跳转至

Kueue

Kueue is a kubernetes-native system that manages quotas and how jobs consume them. Kueue decides when a job should wait, when a job should be admitted to start (as in pods can be created) and when a job should be preempted (as in active pods should be deleted).

功能:

  • 作业(Job)管理
  • 资源管理
  • 动态资源回收:
  • 集成性:内置支持多种 Jobs,如 BatchJob, Kubeflow training Job, RayJob 等;

框架

High Level Kueue Operation

Resource Flavor

An object that you can define to describe what resources are available in a cluster.

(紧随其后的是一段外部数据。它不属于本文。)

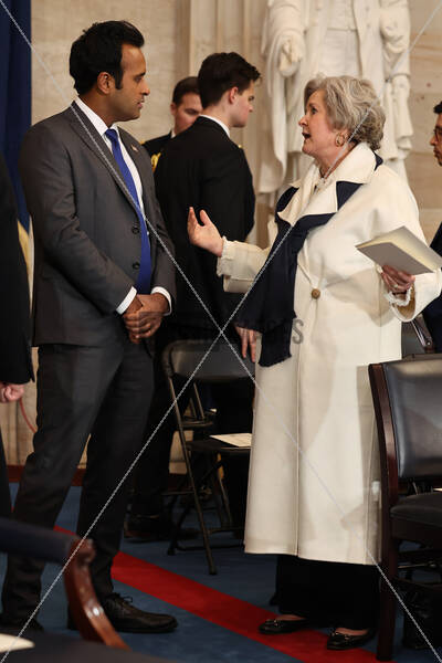 Businessman Vivek Ramaswamy speaks with U.S. President-elect Donald Trump's Chief of Staff Susie Wiles as they arrive to inauguration ceremonies in the Rotunda of the U.S. Capitol on January 20, 2025 in Washington, DC. Donald Trump takes office for his second term as the 47th president of the United States

用于表示异构的资源(并不实际定义资源,只是用来区分异构的资源节点):

  • spec.nodeLabels:将资源跟节点关联;
apiVersion: kueue.x-k8s.io/v1beta1
kind: ResourceFlavor
metadata:
  name: "spot"
spec:
  # 资源关联的节点的标签
  nodeLabels:
    instance-type: spot
  # 资源关联的节点的污点,Workload PodSet必须能够容忍这些污点,才可以调度到节点上
  nodeTaints:
  - effect: NoSchedule
    key: spot
    value: "true"
  // extra tolerations that will be added to the pods 
  tolerations:
  - key: "spot-taint"
    operator: "Exists"
    effect: "NoSchedule"

kueue 会对 Workload 的 Yaml (如 batch.v1/job)进行修改,添加nodeLabels/nodeTaints

Cluster Queue

A cluster-scoped resource that governs a pool of resources, defining usage limits and fair sharing rules.

为一个或多个 ResourceFlavor 设置配额来定义资源池。

apiVersion: kueue.x-k8s.io/v1alpha2
kind: ClusterQueue
metadata:
  name: research-pool
spec:
  namespaceSelector: {}
  resourceGroups:
  - coveredResources: ["cpu", "memory", "pods"]
    flavors:
    # 对应ResourceFlavor中的metadata.name,
    # 按顺序分配,如果先前允许的作业消耗了所有现有的 on-demand 配额,但不是所有的 spot 配额,则 Kueue 会使用 spot 配额来允许作业
    - name: ondemand
      # 定义可用的资源大小,如 cpu,memory,pods,quota
      resources:
      - name: "cpu"
        nominalQuota: 9
      - name: "memory"
        nominalQuota: 36Gi
      - name: "pods"
        nominalQuota: 5
    - name: spot
      resources:
      - name: "cpu"
        nominalQuota: 18
      - name: "memory"
        nominalQuota: 72Gi
      - name: "pods"
        nominalQuota: 100

资源借用:

  • spec.cohort:ClusterQueue 属于同一个 cohort 的可以互相借用未使用的资源;
  • spec.resourceGroups[].resources[]
  • borrowingLimit:定义可以借用的最大限制
  • lendingLimit:定义可以借出去的最大限制

Local Queue

A namespaced resource that groups closely related workloads belonging to a single tenant.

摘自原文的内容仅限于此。